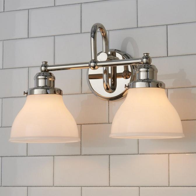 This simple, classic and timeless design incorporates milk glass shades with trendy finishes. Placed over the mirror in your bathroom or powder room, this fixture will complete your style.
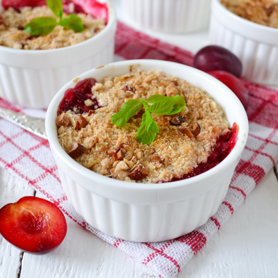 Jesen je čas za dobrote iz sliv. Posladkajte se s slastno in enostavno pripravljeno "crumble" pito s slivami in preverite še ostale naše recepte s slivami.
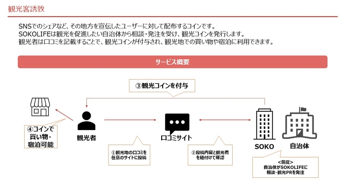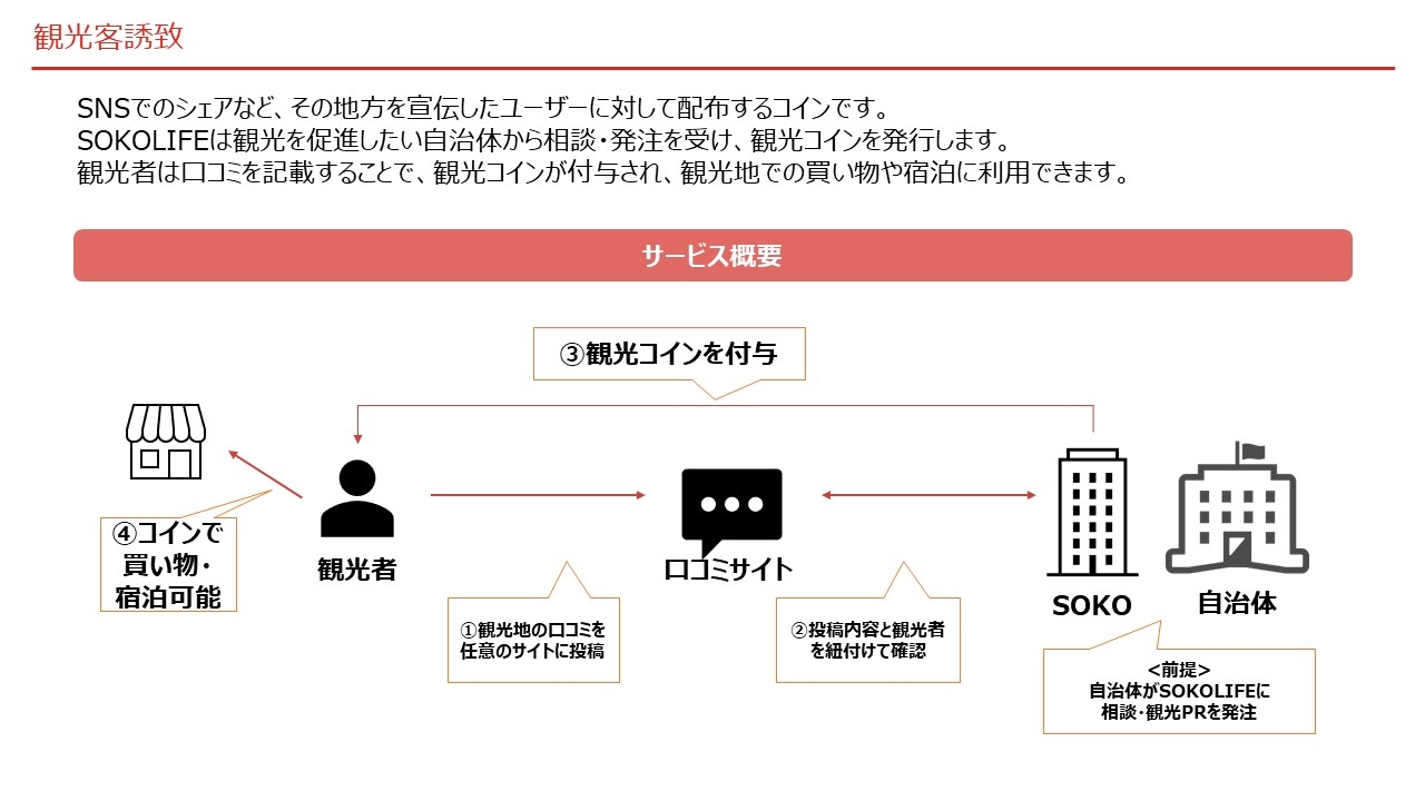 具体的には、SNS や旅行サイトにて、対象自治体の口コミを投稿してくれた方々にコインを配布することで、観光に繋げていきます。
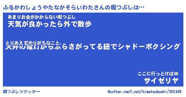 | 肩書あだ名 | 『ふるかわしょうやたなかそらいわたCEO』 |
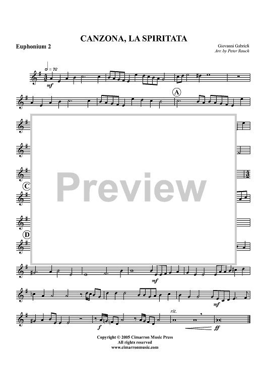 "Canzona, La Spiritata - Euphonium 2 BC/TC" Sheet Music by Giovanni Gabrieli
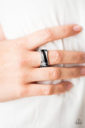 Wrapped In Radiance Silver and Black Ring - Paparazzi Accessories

§ §

* What you need to do:
An exact copy is required of the lines from the start of the records above through the line with "肩書あだ名 | 『ふるかわしょうやたなかそらいわたCEO』 |", and only those, without any pictures.

* Task answer:
 This simple, classic and timeless design incorporates milk glass shades with trendy finishes. Placed over the mirror in your bathroom or powder room, this fixture will complete your style.
 Jesen je čas za dobrote iz sliv. Posladkajte se s slastno in enostavno pripravljeno "crumble" pito s slivami in preverite še ostale naše recepte s slivami.
 具体的には、SNS や旅行サイトにて、対象自治体の口コミを投稿してくれた方々にコインを配布することで、観光に繋げていきます。
 | 肩書あだ名 | 『ふるかわしょうやたなかそらいわたCEO』 |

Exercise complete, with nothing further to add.